What you need to do:
Every picture stays out; everything else in the listing below is to be returned exactly.

Material provided:
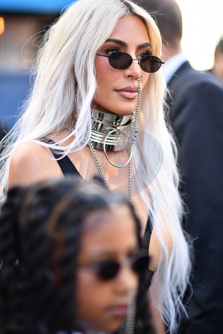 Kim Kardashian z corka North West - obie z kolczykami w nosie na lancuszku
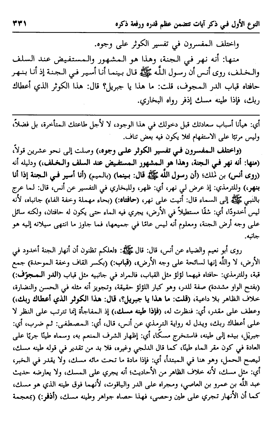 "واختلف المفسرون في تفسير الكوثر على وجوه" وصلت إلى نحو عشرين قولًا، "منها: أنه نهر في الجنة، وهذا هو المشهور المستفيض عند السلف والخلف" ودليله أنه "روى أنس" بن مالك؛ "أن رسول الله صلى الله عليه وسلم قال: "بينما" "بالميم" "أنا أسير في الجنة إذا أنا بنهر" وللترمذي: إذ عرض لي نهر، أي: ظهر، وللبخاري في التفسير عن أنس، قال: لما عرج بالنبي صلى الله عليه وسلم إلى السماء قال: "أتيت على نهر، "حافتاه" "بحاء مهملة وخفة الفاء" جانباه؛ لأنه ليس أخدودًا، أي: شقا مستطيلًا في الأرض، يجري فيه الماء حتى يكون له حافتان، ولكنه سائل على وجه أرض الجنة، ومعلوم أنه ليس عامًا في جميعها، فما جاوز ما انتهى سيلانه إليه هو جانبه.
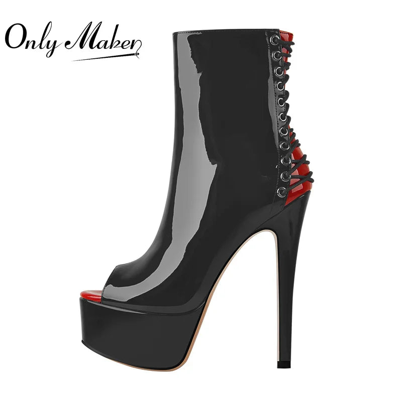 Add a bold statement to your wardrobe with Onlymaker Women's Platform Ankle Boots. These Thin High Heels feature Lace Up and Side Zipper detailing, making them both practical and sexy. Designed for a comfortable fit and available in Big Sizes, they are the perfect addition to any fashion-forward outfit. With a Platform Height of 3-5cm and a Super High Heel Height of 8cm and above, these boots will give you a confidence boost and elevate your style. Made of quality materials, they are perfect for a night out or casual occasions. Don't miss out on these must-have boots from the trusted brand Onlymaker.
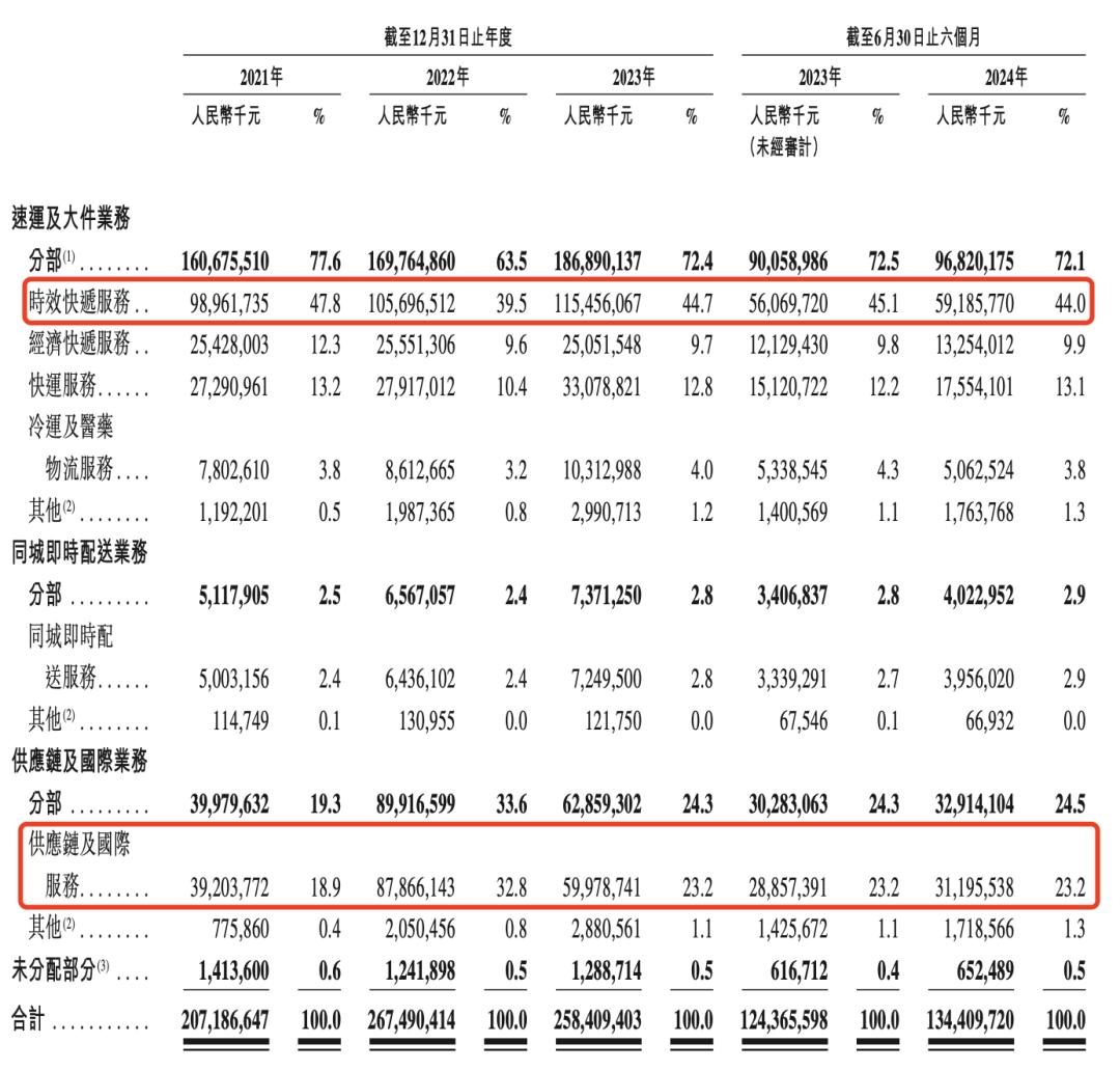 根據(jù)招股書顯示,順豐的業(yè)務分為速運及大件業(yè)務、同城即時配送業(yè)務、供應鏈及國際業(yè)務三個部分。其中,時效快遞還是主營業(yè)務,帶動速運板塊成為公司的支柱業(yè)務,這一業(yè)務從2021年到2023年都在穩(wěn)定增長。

Response to this exercise:
 Kim Kardashian z corka North West - obie z kolczykami w nosie na lancuszku
 "واختلف المفسرون في تفسير الكوثر على وجوه" وصلت إلى نحو عشرين قولًا، "منها: أنه نهر في الجنة، وهذا هو المشهور المستفيض عند السلف والخلف" ودليله أنه "روى أنس" بن مالك؛ "أن رسول الله صلى الله عليه وسلم قال: "بينما" "بالميم" "أنا أسير في الجنة إذا أنا بنهر" وللترمذي: إذ عرض لي نهر، أي: ظهر، وللبخاري في التفسير عن أنس، قال: لما عرج بالنبي صلى الله عليه وسلم إلى السماء قال: "أتيت على نهر، "حافتاه" "بحاء مهملة وخفة الفاء" جانباه؛ لأنه ليس أخدودًا، أي: شقا مستطيلًا في الأرض، يجري فيه الماء حتى يكون له حافتان، ولكنه سائل على وجه أرض الجنة، ومعلوم أنه ليس عامًا في جميعها، فما جاوز ما انتهى سيلانه إليه هو جانبه.
 Add a bold statement to your wardrobe with Onlymaker Women's Platform Ankle Boots. These Thin High Heels feature Lace Up and Side Zipper detailing, making them both practical and sexy. Designed for a comfortable fit and available in Big Sizes, they are the perfect addition to any fashion-forward outfit. With a Platform Height of 3-5cm and a Super High Heel Height of 8cm and above, these boots will give you a confidence boost and elevate your style. Made of quality materials, they are perfect for a night out or casual occasions. Don't miss out on these must-have boots from the trusted brand Onlymaker.
 根據(jù)招股書顯示,順豐的業(yè)務分為速運及大件業(yè)務、同城即時配送業(yè)務、供應鏈及國際業(yè)務三個部分。其中,時效快遞還是主營業(yè)務,帶動速運板塊成為公司的支柱業(yè)務,這一業(yè)務從2021年到2023年都在穩(wěn)定增長。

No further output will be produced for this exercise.